- [Task requirements]
Pull out every line from the line containing "Woman standing outdoors" through the end of the material, both ends included, and reproduce it exactly. Keep pictures out.

- [Recorded information]
▼

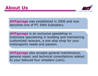 AHTgarage is an exclusive motorsports workshop in Indonesia that specializes in customizing racecars. It offers maintenance, repair, and technical consultation services. The workshop is usually occupied with racecars from various brands. AHTgarage participates in racing events at Sentul International Circuit and promotes its business through social media and its website. It works with several racers and offers marketing partnerships with multiple categories that provide branding exposure through placements on vehicles and at events in exchange for sponsorship funds.
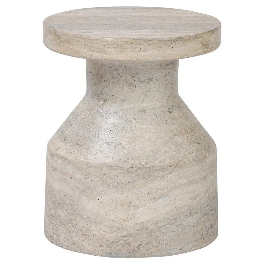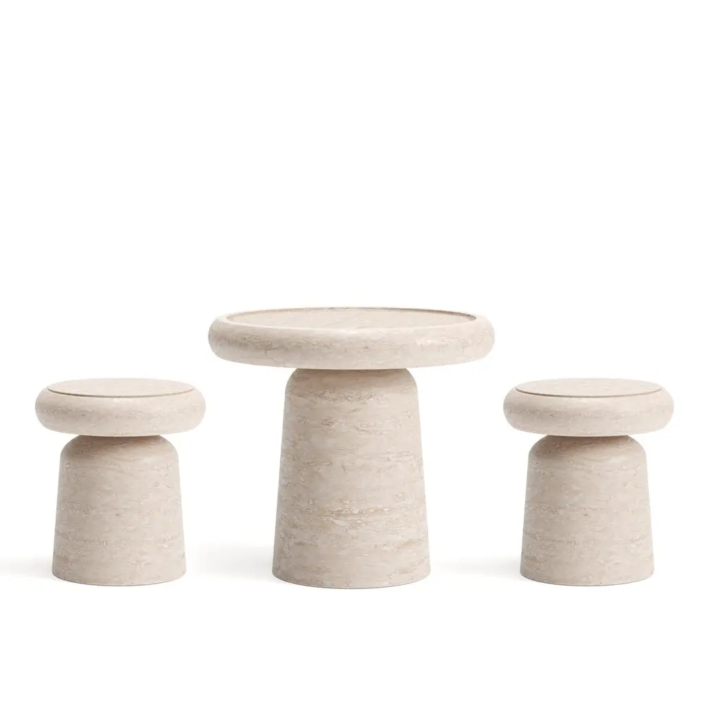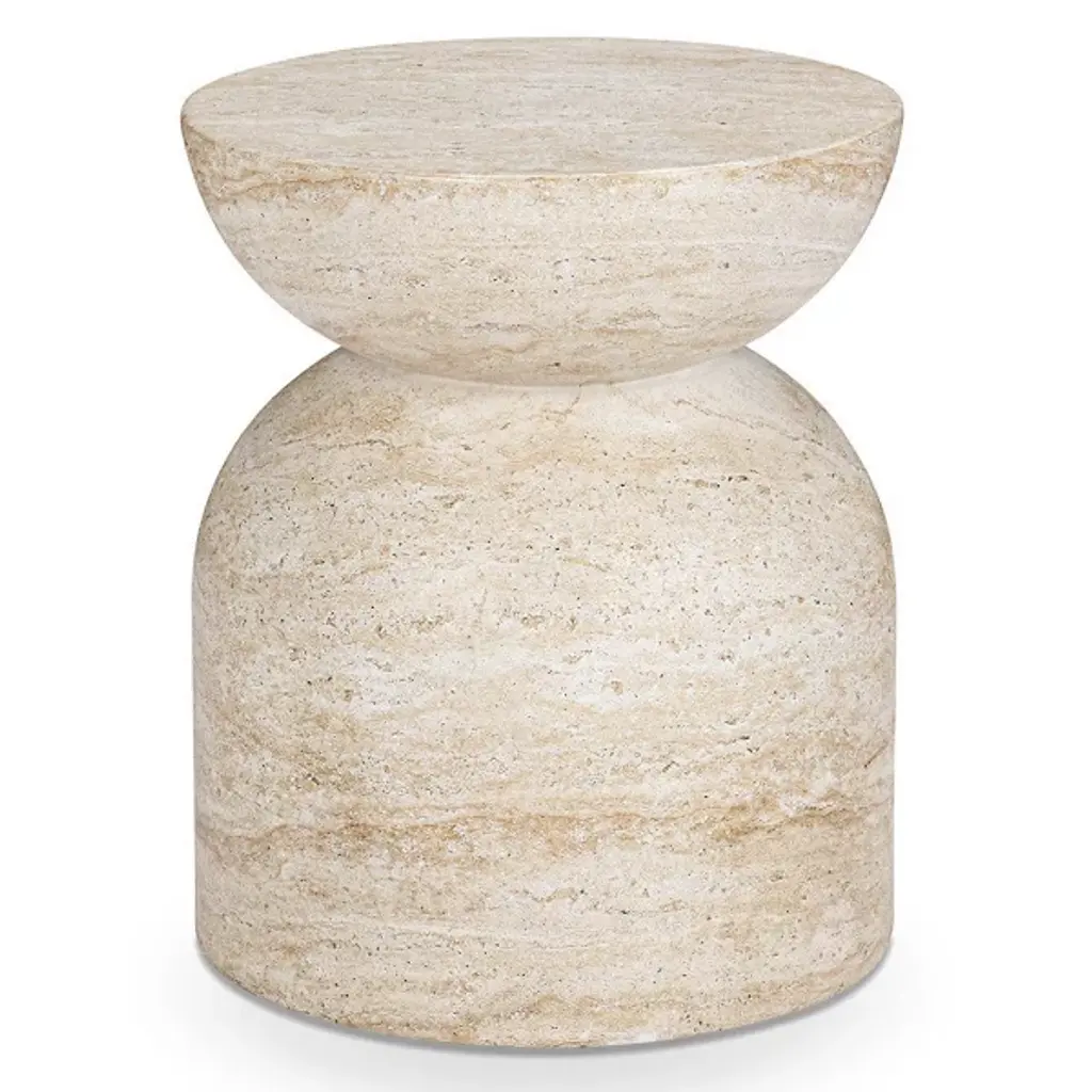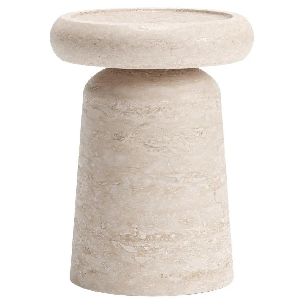 Stool/Side table in TravertineSize: ⌀ 37 x 40 cm. - 14.6 x 15.7 in.Commercial name: Nissa Stool/Side Table in Travertine, Nissa Collection by the Spanish designer Ivan Colominas. Made in Italy, hand finished.- other colour versions available: Black Marquinia and White Gioia marbleA journey to the distant land of Nevsehir, a place away from time, in the wild and exotic Cappadocia, where you can lose yourself into an infinite nature, filling your eyes with marvel. The wonder of this exceptional landscape,inspires Ivan Colominas in the creation of a new collection. The memories of the wonderful rocks "Three Beauties", revives in the timeless design of Nissa, an elegant family composed of: dining table, stool, side table and coffee table, where the quality of the material and of the craftsmanship are the essence. With MMairo's endlessly devotion to great design, Nissa Collection will make you dream with different forms and marbles. An exceptional travel into materials and shapes, to personalize your interior with undeniable exquisiteness.
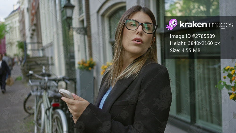 Woman standing outdoors in european city street holding smartphone looking thoughtful brunette wearing glasses surrounded by architecture bicycles and vibrant flowers - Kraken Images
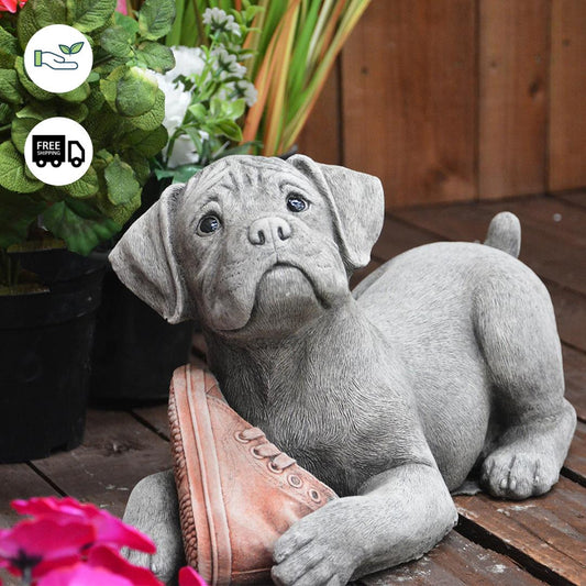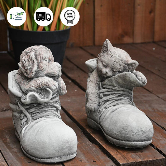 Super cute Pair of Stone cast Cat and Dog in Shoes

▲

- [The answer]
 Woman standing outdoors in european city street holding smartphone looking thoughtful brunette wearing glasses surrounded by architecture bicycles and vibrant flowers - Kraken Images
 Super cute Pair of Stone cast Cat and Dog in Shoes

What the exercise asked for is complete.